Ele não tinha passagem pela polícia e não fazia ideia de como uma imagem sua tinha parar em um catálogo de suspeitos.
A foto, Marcelo descobriria, fora retirada de sua conta no Facebook. Datava de 2017, uma época em que usava cabelo curto, “raspado na [máquina] zero ou na um” — um estilo bem diferente do que exibia em 2020, com cabelos compridos e com tranças.
Como uma imagem de rede social de um jovem sem nenhuma passagem pela polícia foi parar em um álbum de suspeitos?
A polícia não lhe respondeu. Nem à OAB (Organização dos Advogados do Brasil): a Comissão de Direitos Humanos e Assistência Judiciária da OAB-RJ enviou um ofício à 76ª DP — e a outras quatro delegacias onde houve casos semelhantes — e recebeu de volta respostas genéricas, diz a advogada Sônia Ferreira Soares, membro da comissão.

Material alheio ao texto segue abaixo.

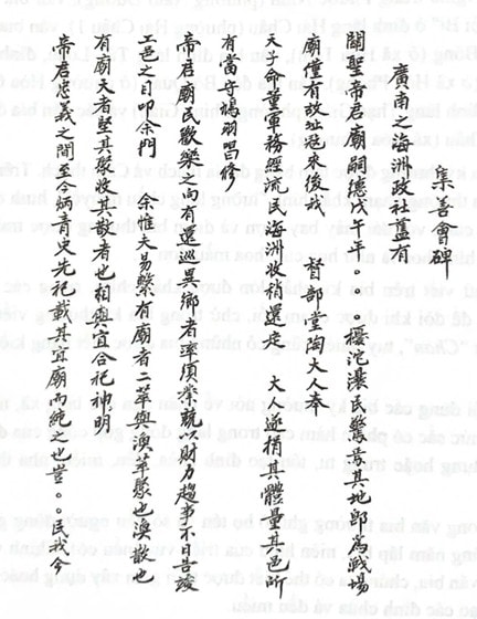 Bản chép tay bia đình Hải Châu, bút tích cố NGƯT Nguyễn Đình Thảng.

O argumento foi que, por questões de confidencialidade, a delegacia não poderia detalhar o método de elaboração dos álbuns.
À BBC News Brasil, a Secretaria de Polícia Civil do Rio de Janeiro afirmou que as fotos do jovem foram extraídas das suas próprias redes sociais, “consideradas fontes abertas, procedimento comum utilizado pela Polícia Civil para realizar levantamento de identificação e qualificação de autores de crimes”.